EDIT: Sorry, about the ProductId, was left over from some SQL that I was using. Should be Widget Id. Added more clarity to the problem and added an addition problem I was having.
I think you need a query like this.
SELECT DISTINCT w.WidId, p.ParId, w.Name
FROM Widget w
JOIN WidgetCategory wc ON wc.WidId=w.Id
JOIN PartCategory pc ON pc.CatId=wc.CatId
JOIN Part p ON p.Id=pc.ParId
I don't see why you would need to join twice on the WidgetCategory table. What you need is to reach the Part table by joining the PartCategory table.

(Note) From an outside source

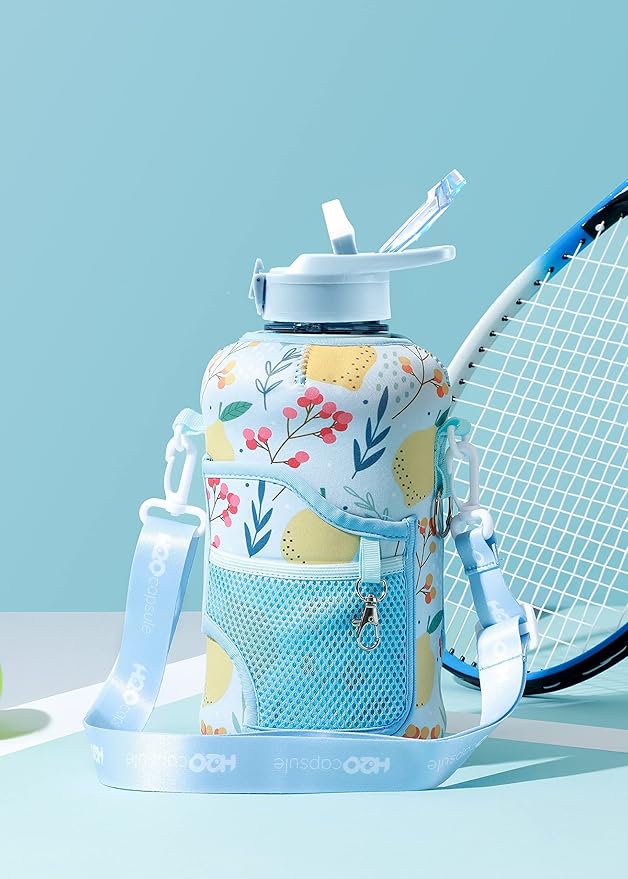 H2O Capsule 2.2L Half Gallon Water Bottle with Storage Sleeve and Removable Straw – BPA Free Large Reusable Drink Container with Handle - Big Sports Jug, 2.2 Liter (74 Ounce), Lemon Drop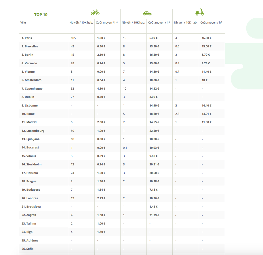 Sur le front des voitures en libre-service, Montréal fait aussi très bonne figure. Les 1073 véhicules de car2go et d’Auto-Mobile actuellement déployés représentent un ratio de 6 voitures pour 10 000 habitants, ce qui placerait Montréal en 6e position du classement européen.

And why are you grouping? If you want all the parts, then you can't group, unless you use some specific SQL feature to concatenate all the parts in a single row. This may or may not be possible, depending on which database engine you are using.
I added the DISTINCT, just in case you have more than one ways to get from Widget X to Part Y... that is enough to remove duplicates. There is no need for a GROUP BY unless you need to COUNT or do something else with the aggregation.